### TASK INSTRUCTIONS:
Every line below from the one with "1 x Smart Card" through the one with "The Forest River" should be retyped exactly, both ends included; no other lines and no pictures.

### PROVIDED RECORDS:

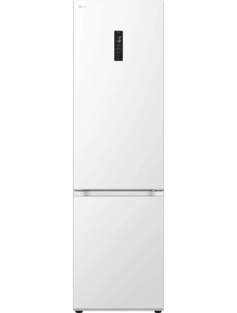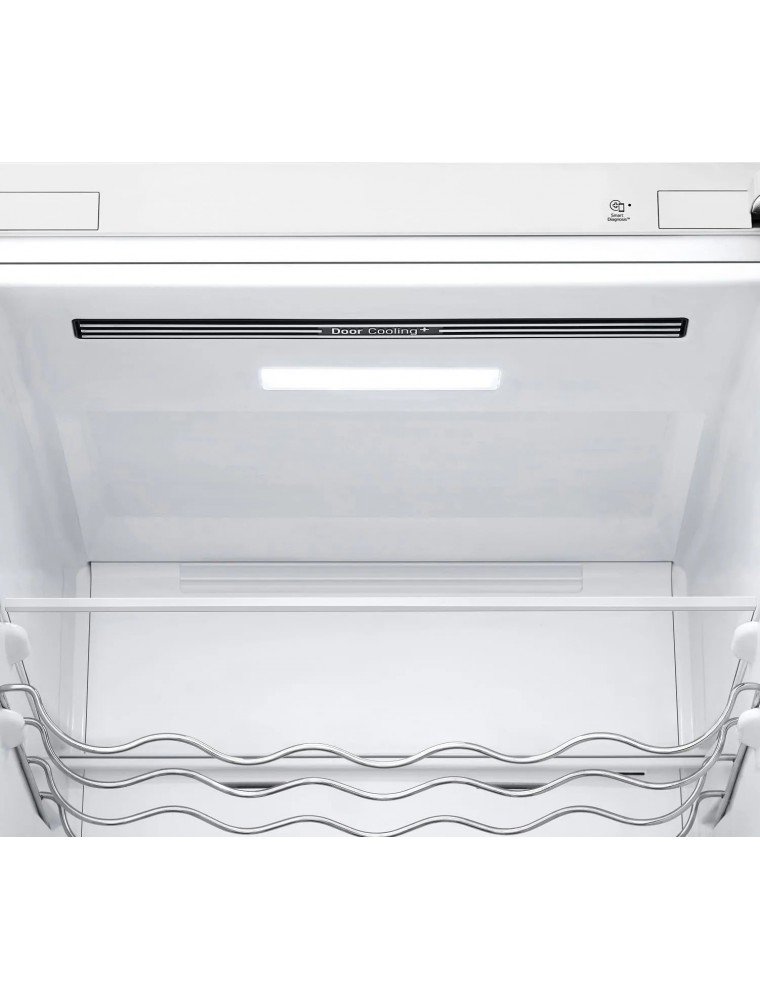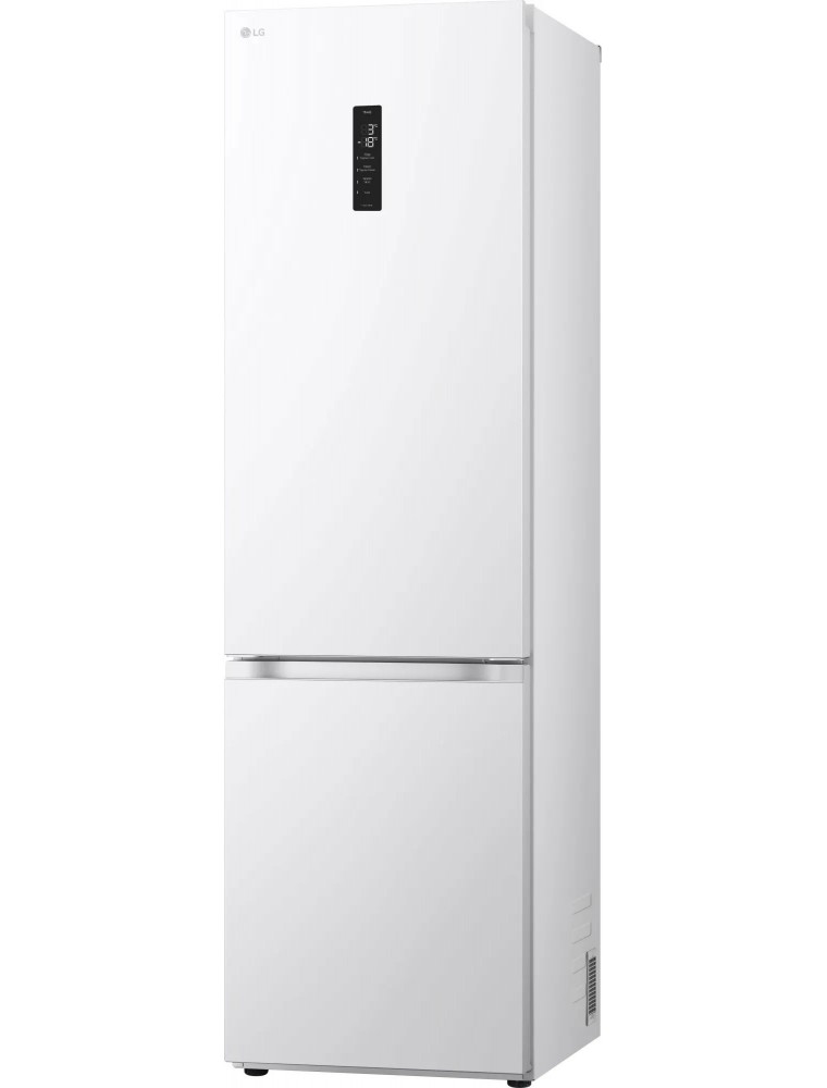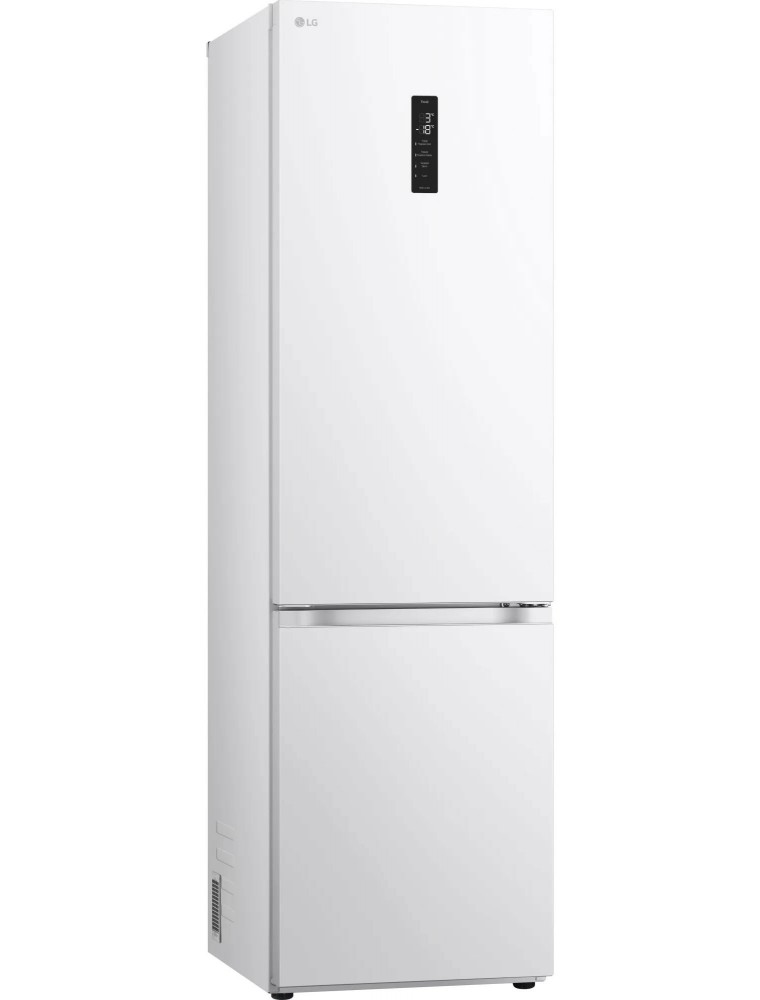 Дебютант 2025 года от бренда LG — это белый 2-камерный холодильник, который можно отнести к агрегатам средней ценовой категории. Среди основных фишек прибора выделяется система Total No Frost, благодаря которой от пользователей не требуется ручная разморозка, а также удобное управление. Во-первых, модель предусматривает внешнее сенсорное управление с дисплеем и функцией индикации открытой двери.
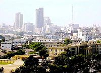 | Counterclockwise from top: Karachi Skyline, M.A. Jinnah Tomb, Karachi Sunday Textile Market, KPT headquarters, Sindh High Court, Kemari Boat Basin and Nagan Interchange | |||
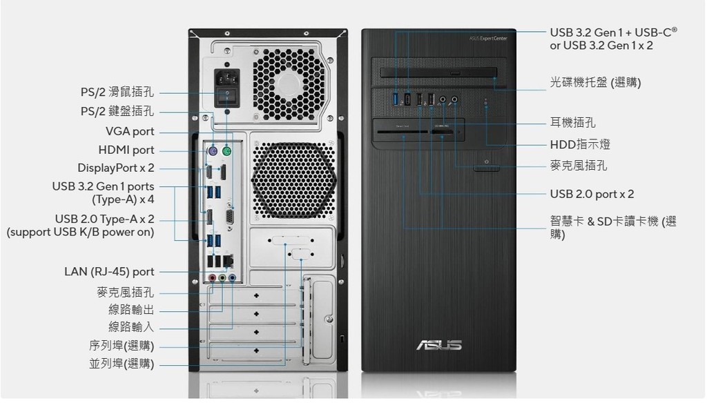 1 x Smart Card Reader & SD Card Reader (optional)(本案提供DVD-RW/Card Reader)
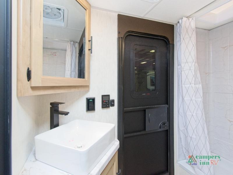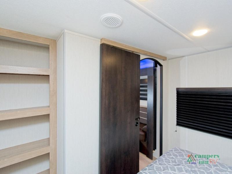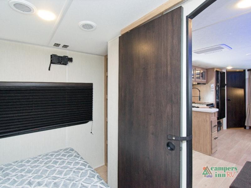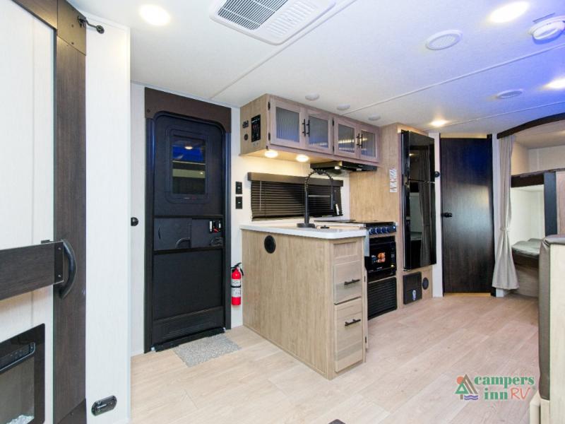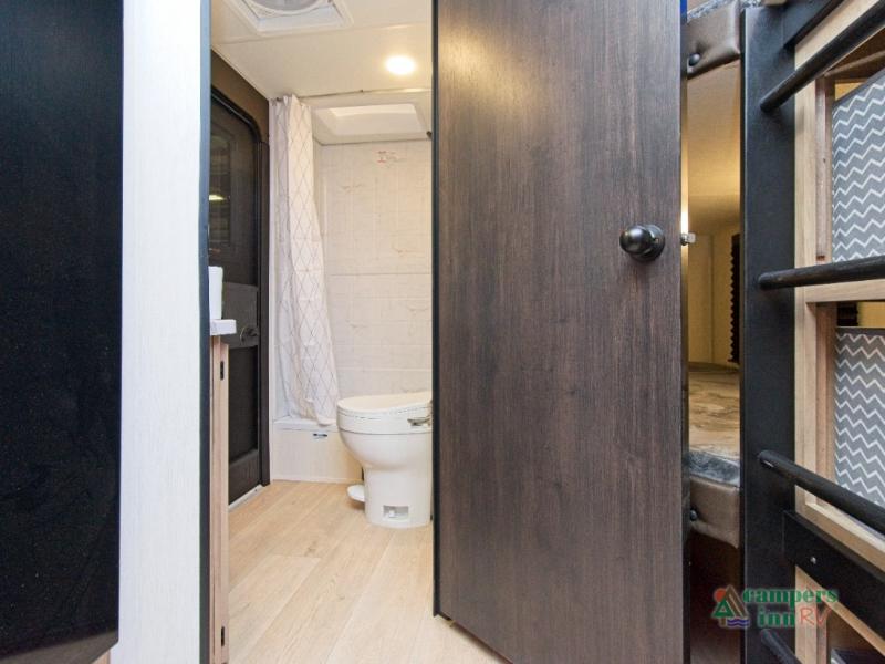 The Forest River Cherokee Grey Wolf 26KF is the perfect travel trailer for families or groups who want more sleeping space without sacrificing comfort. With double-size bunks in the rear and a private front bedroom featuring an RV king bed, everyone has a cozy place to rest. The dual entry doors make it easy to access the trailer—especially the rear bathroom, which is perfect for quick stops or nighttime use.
---
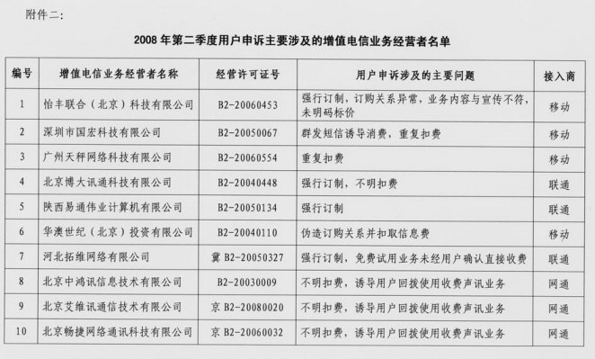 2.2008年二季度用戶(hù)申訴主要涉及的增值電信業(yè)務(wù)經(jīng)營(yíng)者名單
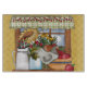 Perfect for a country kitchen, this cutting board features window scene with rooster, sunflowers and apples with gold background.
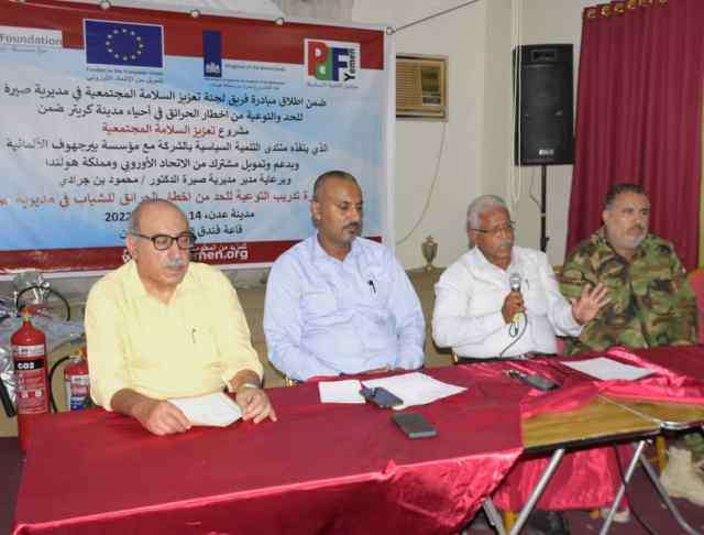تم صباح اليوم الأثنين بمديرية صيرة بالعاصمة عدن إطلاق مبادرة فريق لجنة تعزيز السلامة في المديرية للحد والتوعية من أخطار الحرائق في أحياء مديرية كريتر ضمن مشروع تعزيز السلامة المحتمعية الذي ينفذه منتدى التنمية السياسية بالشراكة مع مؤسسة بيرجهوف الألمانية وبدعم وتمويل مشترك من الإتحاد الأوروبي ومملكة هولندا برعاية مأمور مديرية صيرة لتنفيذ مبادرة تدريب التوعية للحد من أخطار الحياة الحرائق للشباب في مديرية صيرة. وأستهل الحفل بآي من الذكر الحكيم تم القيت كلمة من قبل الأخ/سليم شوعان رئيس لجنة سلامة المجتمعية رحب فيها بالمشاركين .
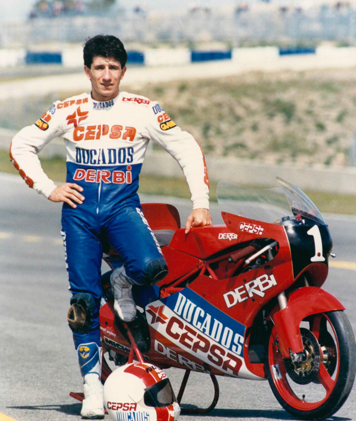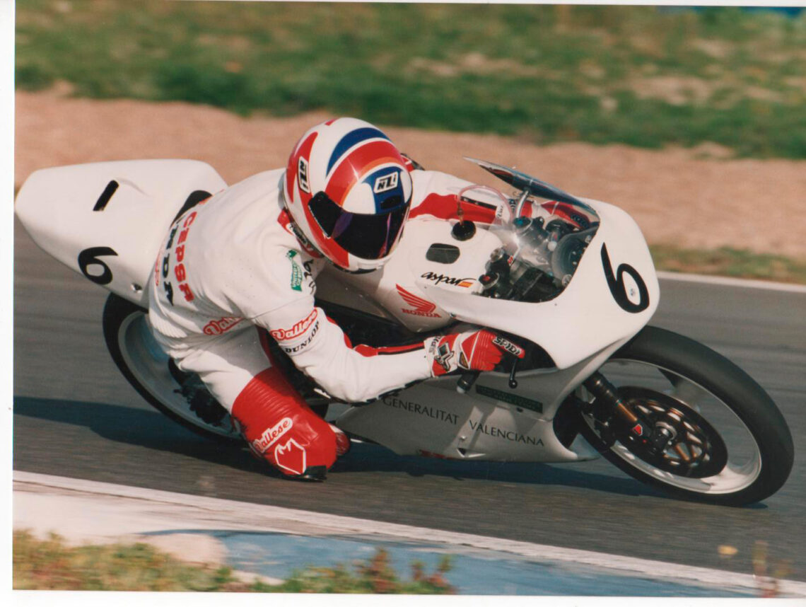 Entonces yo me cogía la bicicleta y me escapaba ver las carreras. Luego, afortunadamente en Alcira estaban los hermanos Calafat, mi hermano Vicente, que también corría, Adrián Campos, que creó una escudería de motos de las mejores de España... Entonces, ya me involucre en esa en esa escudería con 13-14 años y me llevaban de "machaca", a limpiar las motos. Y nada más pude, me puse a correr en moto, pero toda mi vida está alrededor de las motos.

### TASK SOLUTION:
 1 x Smart Card Reader & SD Card Reader (optional)(本案提供DVD-RW/Card Reader)
 The Forest River Cherokee Grey Wolf 26KF is the perfect travel trailer for families or groups who want more sleeping space without sacrificing comfort. With double-size bunks in the rear and a private front bedroom featuring an RV king bed, everyone has a cozy place to rest. The dual entry doors make it easy to access the trailer—especially the rear bathroom, which is perfect for quick stops or nighttime use.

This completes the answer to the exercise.